* Exercise goal
In the copy, keep every line below as it is and leave out the pictures.

* Data provided
++++++++++++++++++++

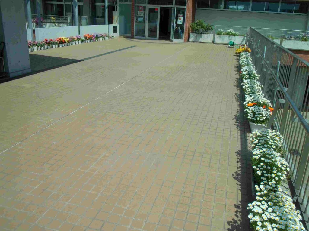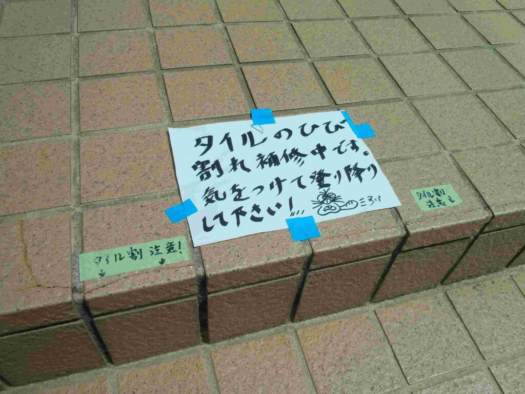 修繕順調 2026年4月20日 最終更新日時 : 2026年4月20日 kumagaya_edit 用務員さんがタイルの目地に補修材を注入。また、事務主任さんが毎日お花に水をあげてくれています。入口がとてもきれいになっています。
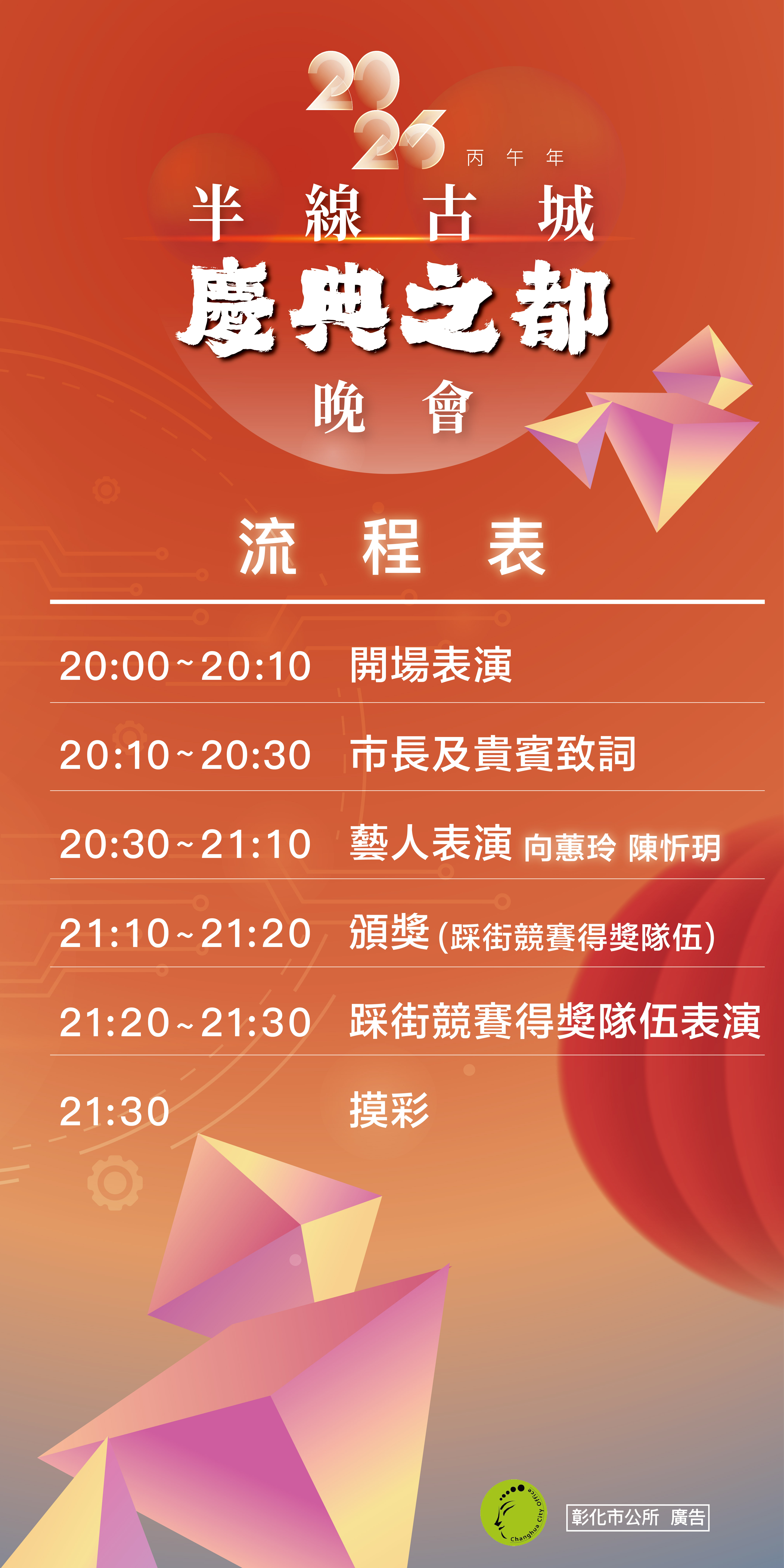 彰化古稱半線,自1,723年建城迄今已有300年歷史,匯聚留存各方信仰與活動,保有古城慶典的文化風貌。為迎接一年一度農曆春節,彰化市公所隆重推出2026 半線‧古城慶典之都系列活動,首先登場亮點彰化城活動,以各式主題燈飾點綴市區,讓來到彰化的遊客,感受到熱鬧迎春的喜氣。
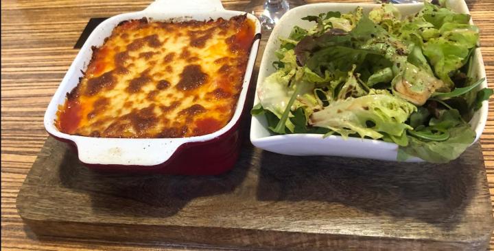 | LASAGNE chèvre, épinards, saumon fumé et sa salade verte |

++++++++++++++++++++

* Finished exercise
 修繕順調 2026年4月20日 最終更新日時 : 2026年4月20日 kumagaya_edit 用務員さんがタイルの目地に補修材を注入。また、事務主任さんが毎日お花に水をあげてくれています。入口がとてもきれいになっています。
 彰化古稱半線,自1,723年建城迄今已有300年歷史,匯聚留存各方信仰與活動,保有古城慶典的文化風貌。為迎接一年一度農曆春節,彰化市公所隆重推出2026 半線‧古城慶典之都系列活動,首先登場亮點彰化城活動,以各式主題燈飾點綴市區,讓來到彰化的遊客,感受到熱鬧迎春的喜氣。
 | LASAGNE chèvre, épinards, saumon fumé et sa salade verte |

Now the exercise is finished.